We’ve settled at a long communal table in the rear, by a kitchen of aproned bakers. I explain that I followed him on Instagram due to my own fascination with the disorder inflicted by time. “Images get inside people,” Conrad remarks. “They’re immediate.” I nod, imagining them bypassing billions of furiously humming neurons in the brain electrically charged to process, analyze, and file. Images are refreshing because they wend a different way.

Conrad also documents street art all over Philadelphia. Artists text him when they’ve finished a piece and he races off to photograph the wall, bridge underpass, fence, or whatever medium has served as the base. “This art is for the people,” he comments. It’s independent and self-governing. “And it’s ephemeral.” The elements instantly initiate decay, and time spells a fading. I think of the human desire over eons to leave a mark, of the medieval cathedrals in which stonemasons worked hidden monsters and scenes of iniquity.

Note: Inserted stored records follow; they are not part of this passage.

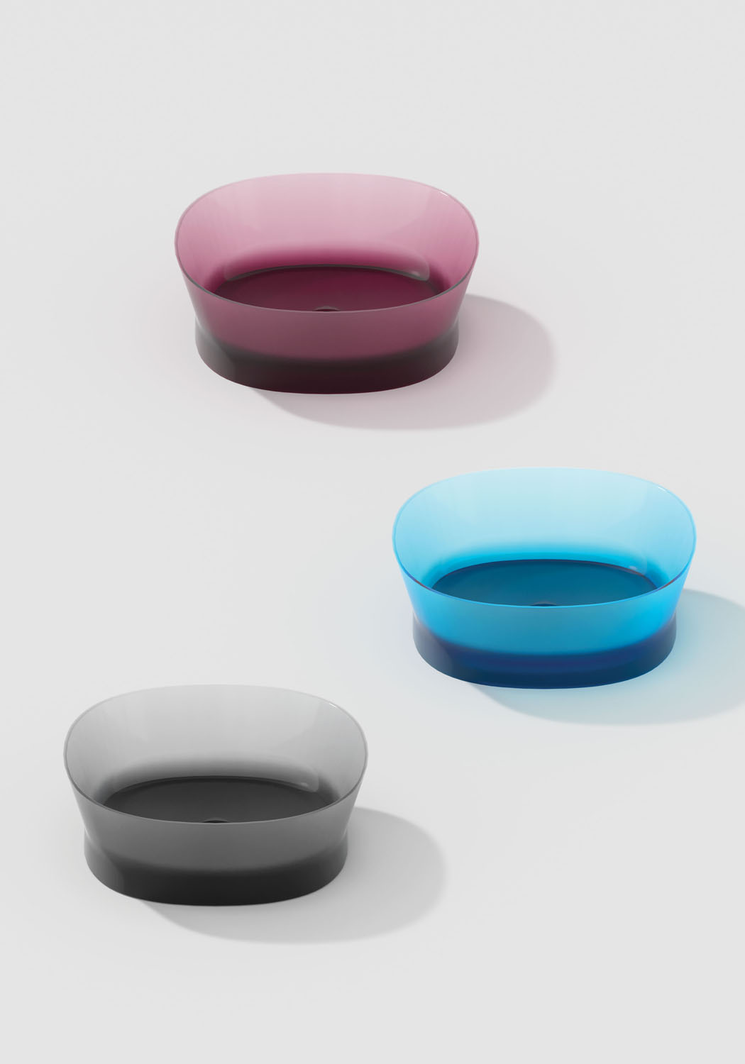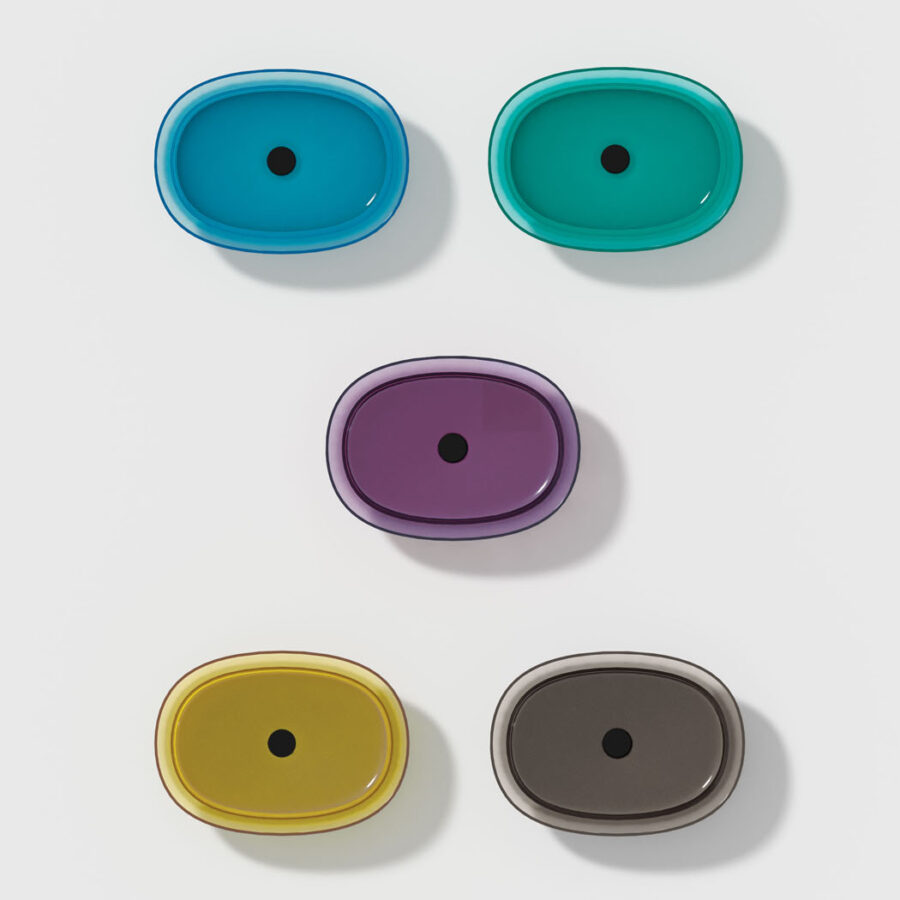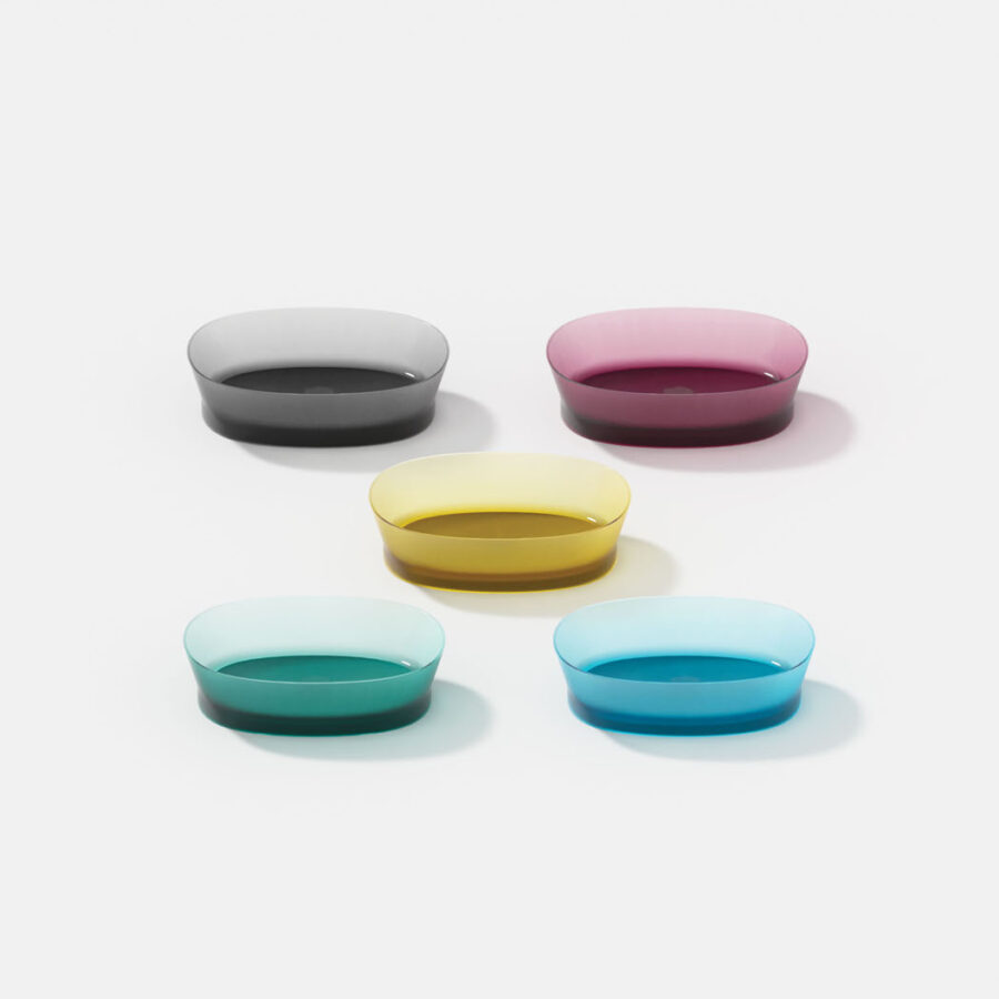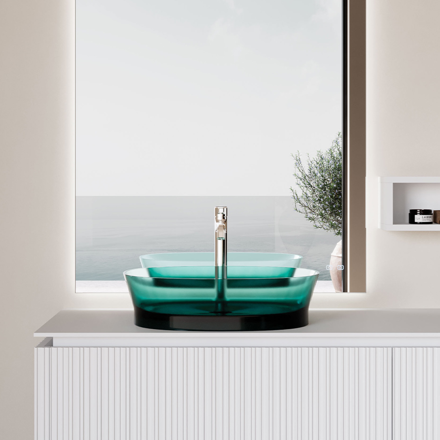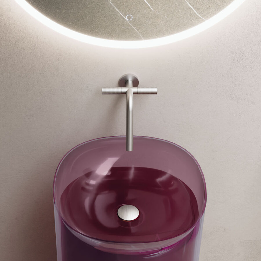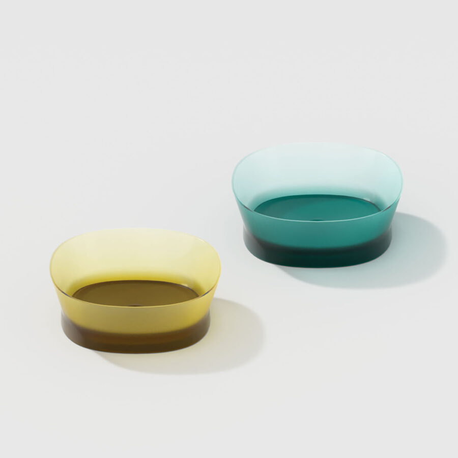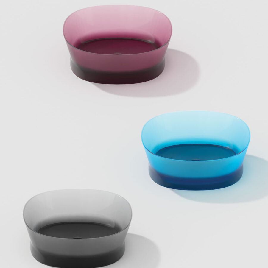 Una nueva colección de baño realizada en Khromalite, un material innovador especialmente apreciado por sus superficies transparentes y coloreadas de brillo extraordinario, que incluye: una bañera disponible en dos tamaños (L 158 x P 77 x H 59 cm y L 173 x P 84,5 x H 59,5 cm), un lavabo cuadrado, un lavabo rectangular y un lavabo independiente. Esta resina de nueva generación, coloreable, duradera y versátil, es especialmente agradable por su transparencia y brillantez, está compuesta por resina de poliéster de alta calidad y pigmentos colorantes.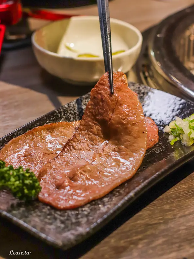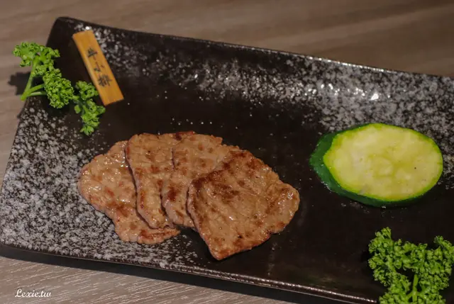這是牛舌中段部位,現場也有限量提供厚切牛舌。中段牛舌烤起來甜脆帶勁,又不失水潤彈牙肉質,一開始就放煙火~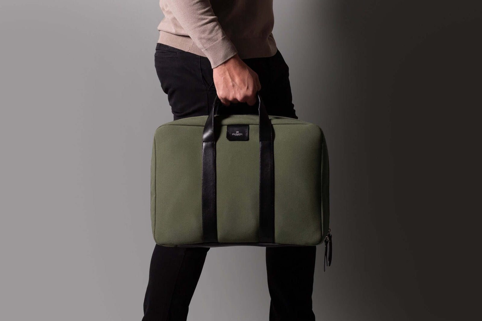 Rugged Laptop Briefcase Olive Fabric / Black Leather

Images are especially a relief these days, when ranting screeds proliferate and the competition for your attention has devolved into cacophony. Conrad walks to digest each day and allow space for new ideas, and it was during one such amble that he conceived the name for Signs of Solidarity. This public-art protest involved 30 banners with messages such as “Together As One,” “Hate Won’t Make Us Great,” and “Speak Up” unfurling around Philadelphia on inauguration day. He and co-organizers planned the event “in opposition to hate and in protest of any and all that embolden divisiveness.”

Conrad also heeded Grace Ahn’s post-election call, along with three co-organizers, to run a silent auction pre-emptively benefiting people and causes likely to suffer under the “increasingly dangerous, self-serving people of the new administration.” On January 14, 2017, Collective Action raised $23k with art donated by 160 Philadelphia-area artists “in a direct response to the election of Donald Trump.” The money went to 10 social-justice organizations, including Planned Parenthood, the Southern Poverty Law Center, and the Natural Resources Defense Council.

Planning for Collective Action 2.0 is underway. It will be a fundraising block party, featuring music, art, food, and drink, as well as a number of social-justice organizations distributing information and engaging with people, in the fall.

Other StreetsDept efforts have focused on homeless youth, in concert with Covenant House Pennsylvania, and protection of public assets such as Graffiti Pier, in that case teamed with United By Blue (an outdoor product company dedicated to conservation; check them out!).

StreetsDept.com is a purpose-driven blog. Conrad’s mastery of evolving technologies and social media combined with his photography and writing skills — plus hard work — produced a successful business. And he quickly recognized that his platform offered opportunities for civic activism and philanthropy. What is his business? “I’ll be an advertising partner, managing Twitter and Instagram accounts, allowing sponsored posts on my blog, using my connections to further a brand,” Conrad explains. He also curates art shows, offers tours of public art in Philly’s neighborhoods, consults with nonprofits, and sells prints of his photography (his primary love). “The job I had at 24 didn’t exist when I was 21,” he says. “You have to be super flexible.”

Flexibility and curiosity grew from a beginning rooted in Catholicism, with a brother 12 years older, a dad who installed fire alarms, and a mom who had various jobs including bank manager and assistant at Garrison’s Garage. Once a Catholic-schooled altar boy, Conrad is now agnostic. A reading pastime led to Jim Holt’s book Why Does the World Exist and other philosophical explorations. But his thinking is regularly followed by action. “At 19 I saw a video on industrial farming,” he says. “I’ve been a vegetarian ever since.” Similarly, the understanding that much public art in Germany commemorates the victims of the Holocaust (“Never Forget”), while also challenging existing mores and encouraging a national dialogue, suggested a higher purpose. “Bike lanes, parks, artwork, piers — public spaces are assets,” he says. We can and should delight in them. But even more is possible: “Can our sharing of these things create empathy? Can we reflect on our own history, put ourselves in other people’s shoes?”

StreetsDept turned 6 years old in January. Long may it reign.